Tu padre, la persona más importante (y peligrosa) de la ciudad, estaba harto de tus comportamientos. Aunque sabía que aquello era su culpa por haberte mimado tanto, también sabía que no podía despegarte el ojo de encima y dejarte vivir una vida "común"... Así que optó por contratar un guardaespaldas para hacerlo por él. A regañadientes aceptaste, ya estabas mayor para que alguien te cuide, pero aquel disgusto pronto cambiaría cuando te acercaste más y más a él.
Una tarde, te encontrabas en tu departamento haciendo ejercicio cuando tu teléfono comenzó a vibrar.

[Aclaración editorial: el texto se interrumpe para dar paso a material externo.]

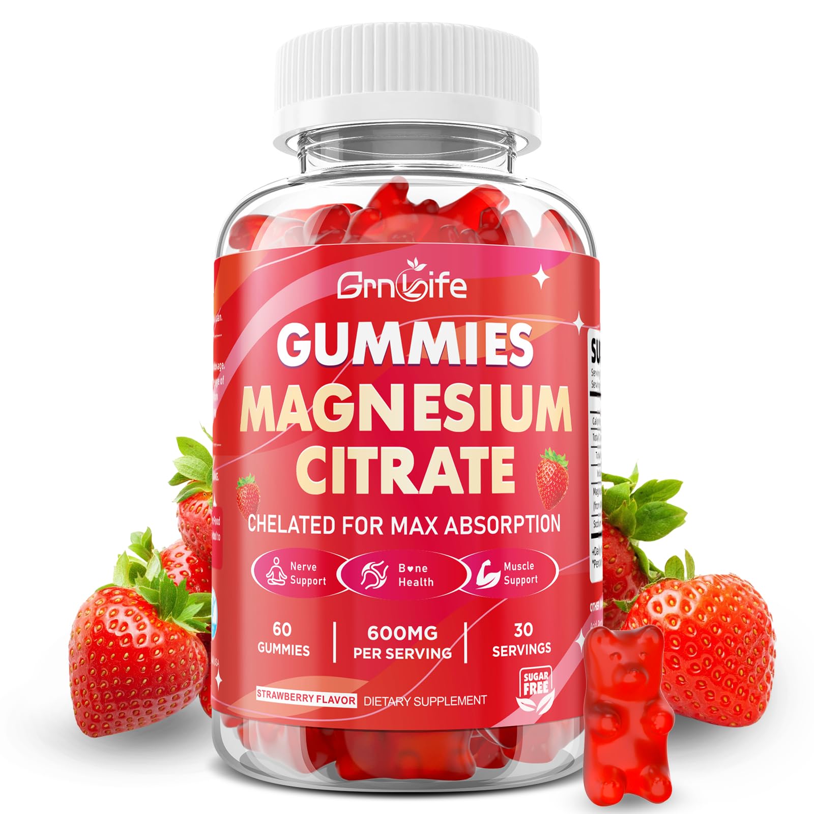 Excellent in Quality: Grnlife Magnesium Citrate Gummies comply with GMP standards and have passed laboratory testing. All batches of the product undergo quality assurance at every stage of production. We are always committed to producing the highest quality dietary supplements and being your health partner. Ideal for Men and Women: The chewable magnesium gummies are suitable for both men and women. They have a comfortable texture after chewing and can be swallowed without water or food, allowing for quick absorption by the digestive system and gentle on the stomach. Each bottle contains 60 gummies, providing a 30-day supply. Support Relaxation Calm: Our magnesium supplement gummies help maintain normal muscle function, relieve muscle tightness and cramps, and also help you stay calm and improve Zzz quality. High-Absorption Magnesium Gummies: Magnesium Citrate is highly soluble in water, making it easy for the body to absorb these magnesium chews. Formulated for superior absorption, helping your body efficiently utilize magnesium for optimal results. 600MG Magnesium Citrate Supplement: Each serving delivers a potent, highly bioavailable 600 mg of magnesium citrate to support your daily wellness needs.
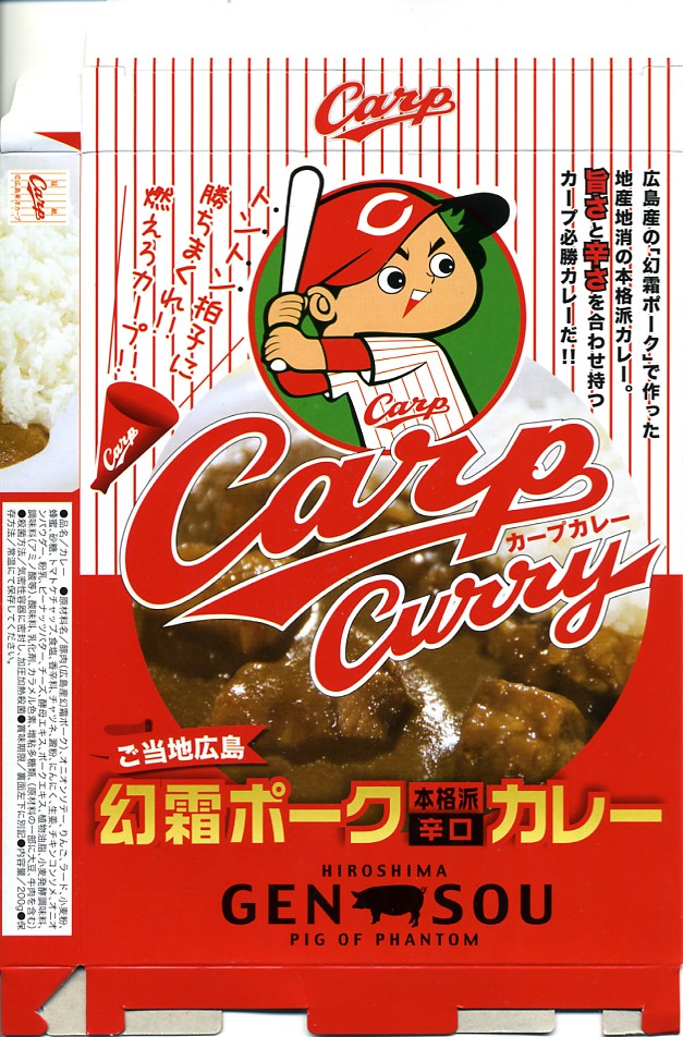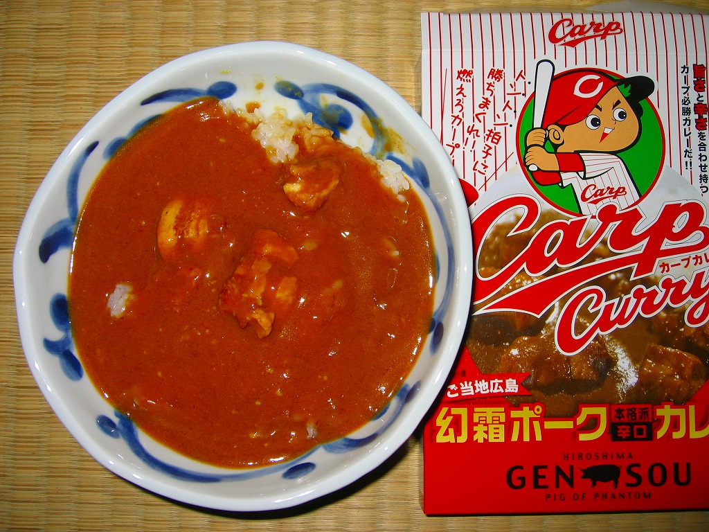 内容量は200グラム。豚肉の分量が寂しいが、レトルトカレーで見本写真ほど肉が入っているはずはない。風味はなんとなく価格相応、カープファンならパッケージで買っておきたい応援商品。売れ行きが良かったのか、2009年のペナントレースと広島市民球場の移転新築に合わせて、新たなパッケージデザインで再登場している。「ご当地広島かき本格派辛口カレー」も存在。
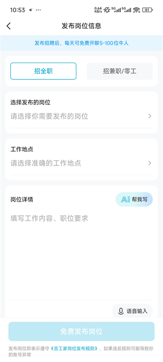 5、選擇發布的崗位、地點、內容點擊發布即可
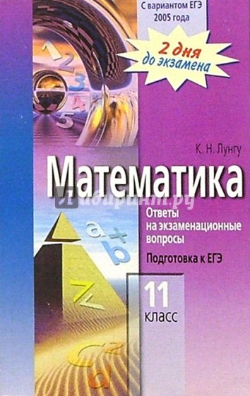 Пособие содержит ответы на вопросы 27 билетов устного экзамена по алгебре и началам анализа и 6 вариантов ЕГЭ по математике. Один вариант - образца 2005 года. Три варианта полностью разобраны.
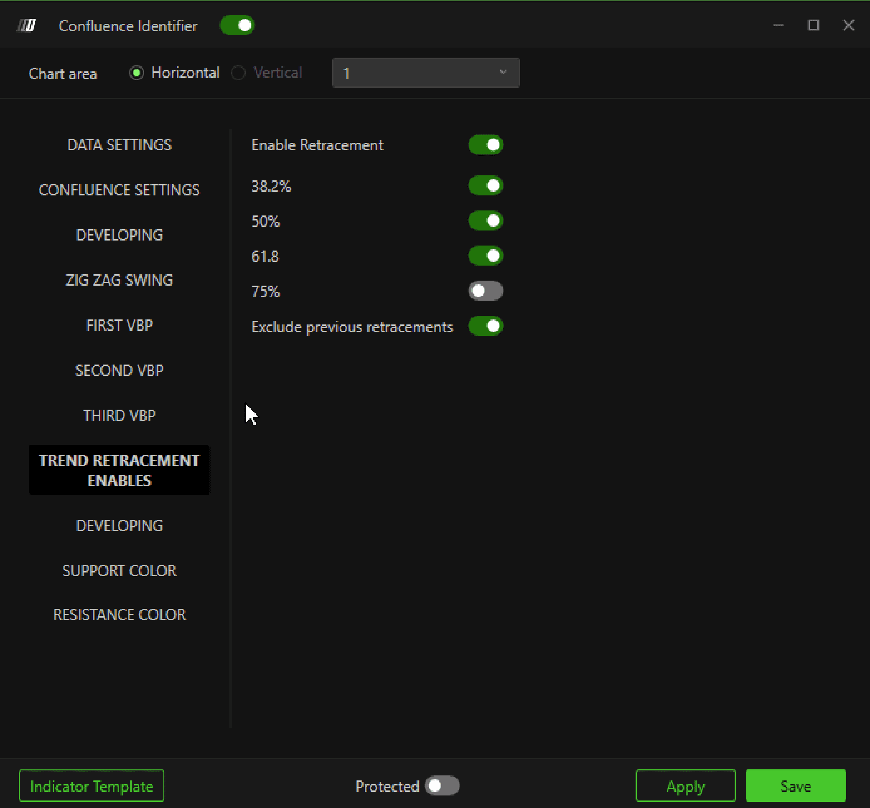 The second Zig Zag identifies swings used for confluences and should use a smaller percentage to include minor swings.

Tu padre, llamándote como siempre para ver si todo estaba bien. Te quejaste en voz alta, respondiendo y regulando tu respiración como pudiste... Mientras Simon tomaba tus caderas, siguiendo tus movimientos de arriba a abajo sin parar, gruñendo por lo bajo cada vez que lo apretabas. Amortiguaba su voz al esconderse en tu pecho.
"Sigue así..." Murmuró Simon, provocando que tu padre preguntara qué hacías.
"¡Papá, estoy en la cinta para correr! Voy a seguir, bye-bye!" respondiste con rapidez, cortando la llamada para seguir en lo tuyo.